A rallying cry of this wave of protests that have captured the American narrative since the killing of George Floyd at the hands of police on May 25 has been an ask for equity. But equity and equality are the furthest thing from the minds of those advocating for the ongoing mass demonstrations.
As The New York Times points out, it was in May that over 1,300 health professionals signed a testament to their approval for the protests, which have been tens of thousands of individuals strong. These epidemiologists, doctors, and other medical personnel, had decried the anti-lockdown protests as reinforcing white supremacy, but as soon as the Black Lives Matter protests began, they switched their view and said that not supporting the protests was white supremacist.
As the Times points out, this represents a bit of cognitive dissonance on behalf of those who signed the letter, while at the same time witnessing deaths and complications due to coronavirus spread.
Christina Hoff Sommers writes: "Infuriating. Public health experts judge safety of protests depending on who is protesting. 1300 experts condemned protests against lockdown as 'rooted in white nationalism.' But protests against racism—'vital to the national public health.'"

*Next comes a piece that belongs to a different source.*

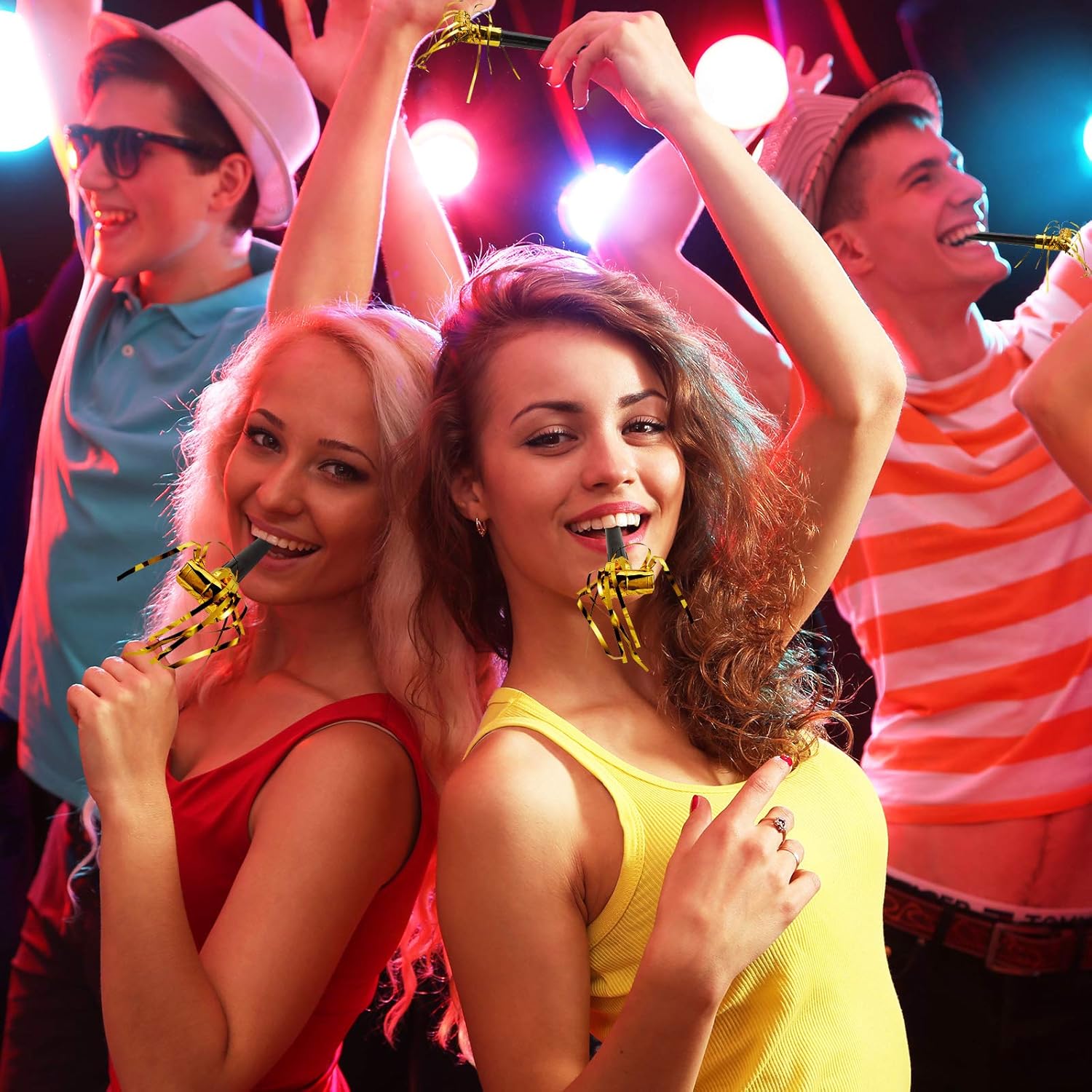 - Party accessories: these musical blowouts whistles can vibrate furiously and quickly, which are useful to form interesting sounds and joyful visual effect, will bring fun atmosphere to street party, sport game, gathering event, school activities and more
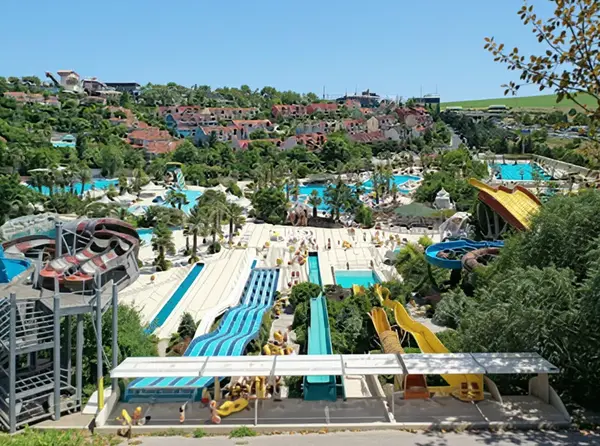 Korte feiten: Aqua Club Dolphin is a unique waterpark offering both fun and relaxation with pools, slides, and spa facilities. It’s nestled right by the sea, so swimmers get refreshing views alongside thrilling rides.

The Times interviewed a few of these health professionals who had decried the anti-lockdown protests, who had encouraged everyone to stay home. Brown University epidemiology professor Mark Lurie said "Instinctively, many of us in public health feel a strong desire to act against accumulated generations of racial injustice. But we have to be honest: A few weeks before, we were criticizing protesters for arguing to open up the economy and saying that was dangerous behavior."
"I am still grappling with that," he said.
Well, yeah, so is everyone whose free speech rights were violated, whose right to free expression of religion was violated, and who were unable to tend to their dying kin during their last moments on earth because medical professionals like Lurie said everyone else's health was more important.
University of Texas Health Science Center at Houston infectious disease epidemiologist Catherine Troisi said "I certainly condemned the anti-lockdown protests at the time, and I’m not condemning the protests now, and I struggle with that. I have a hard time articulating why that is OK."
Why does she have a hard time reconciling that? Because the cognitive dissonance in making it okay to condemn some protestors for not adhering to public health norms and lifting up a set of protestors who do not adhere to public health norms is complete and total insanity. Troisi is lying to herself and she’s trying to make that okay. It’s not.
Dan Bongino of Fox News and Bongino Report tweeted: "If you think beaches are spreading coronavirus, but packed protests aren’t, then you’re probably a moron. And you should probably stop advertising that you’re a moron. Thanks."
When those protestors in North Carolina, Michigan, Nevada, California, Florida, and Toronto stepped out to express their want for society, the economy, and yes, their own businesses to reopen, they were roundly derided as insensitive grandma killers. This is what we were told.
These folks who wanted to go to church, attend to the bedsides of their dying loved ones, hold funerals for their dead, they were supposed to suck it up for the greater good, to put their own cares aside lest they spread the illness.
Yet those who want to murder 8-year-old girls in Wendy’s parking lot are well within their rights, apparently.
For some reason we’re meant to believe that these protests, that began over the wrongful police killing of George Floyd in Minneapolis, warrant the ignoring of those same social distancing restrictions that we were told were literally more important than tending to our beloved at the moment of their death.
No one should be forced to exit this world alone, not when those who love them want to be near. There is nothing more important than tending to our dying.
Instead, we heard that this was shallow. Now these medical experts admit that some protestors’ concerns more important than others, that there is a hierarchy of grievance. That is neither equity nor equality. If that is what Black Lives Matter protestors are fighting for, count me out.
Protests are an integral part of the fabric of American discourse. The freedom to peaceful assembly is a natural right, held dear by Americans the continent over, a right fought and died for by so many brave men and women from the Revolutionary War straight up through those wars that we are still fighting now. We know this.
As we hear the chants and calls for equity and equal justice, as we hear the left finally, blessedly, demand that their first amendment rights triumph over ludicrous government restriction, let’s remember that rights are not based in race, grievance, or identity. Rights are for all of us, and the single most important thing in American jurisprudence is that we are all treated equally under the law.
If you think rights are only for some individuals in our nation, if you think that freedom of speech and assembly are only to be given to some and not others, you are not fighting for equality, you are not fighting for black lives, you are fighting for the death of democracy and the devastation of the only nation on earth that made these principles the core of its founding documents.